Extracted material:
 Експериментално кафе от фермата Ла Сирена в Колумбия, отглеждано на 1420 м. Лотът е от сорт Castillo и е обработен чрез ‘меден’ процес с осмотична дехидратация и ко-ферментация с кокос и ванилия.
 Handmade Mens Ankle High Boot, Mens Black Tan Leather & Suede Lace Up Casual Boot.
* * *
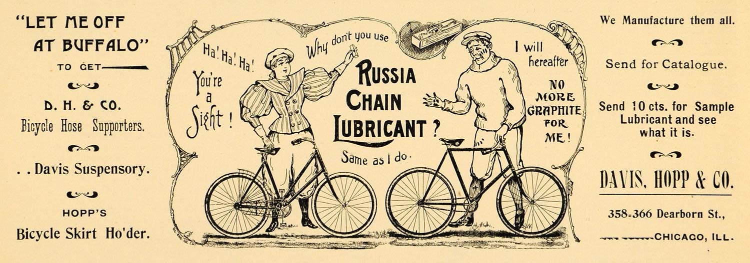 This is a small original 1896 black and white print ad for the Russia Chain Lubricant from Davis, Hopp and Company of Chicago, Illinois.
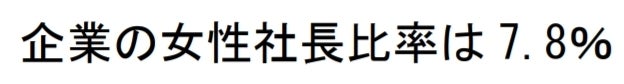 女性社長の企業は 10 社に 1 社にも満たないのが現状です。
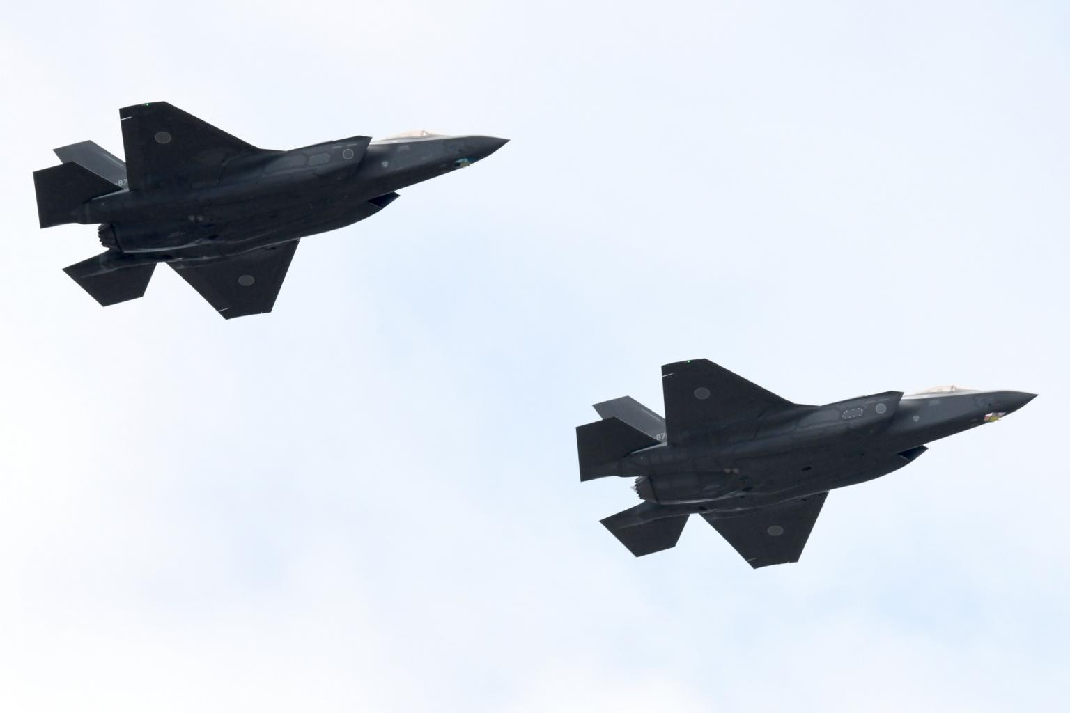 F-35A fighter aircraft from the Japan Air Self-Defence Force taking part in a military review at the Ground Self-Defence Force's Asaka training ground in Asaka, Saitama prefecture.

Task goal: Your answer should be the lines above, from the line containing "Експериментално кафе от" up to and including the line containing "Handmade Mens Ankle", reproduced exactly and with nothing else.

Response for this exercise:
 Експериментално кафе от фермата Ла Сирена в Колумбия, отглеждано на 1420 м. Лотът е от сорт Castillo и е обработен чрез ‘меден’ процес с осмотична дехидратация и ко-ферментация с кокос и ванилия.
 Handmade Mens Ankle High Boot, Mens Black Tan Leather & Suede Lace Up Casual Boot.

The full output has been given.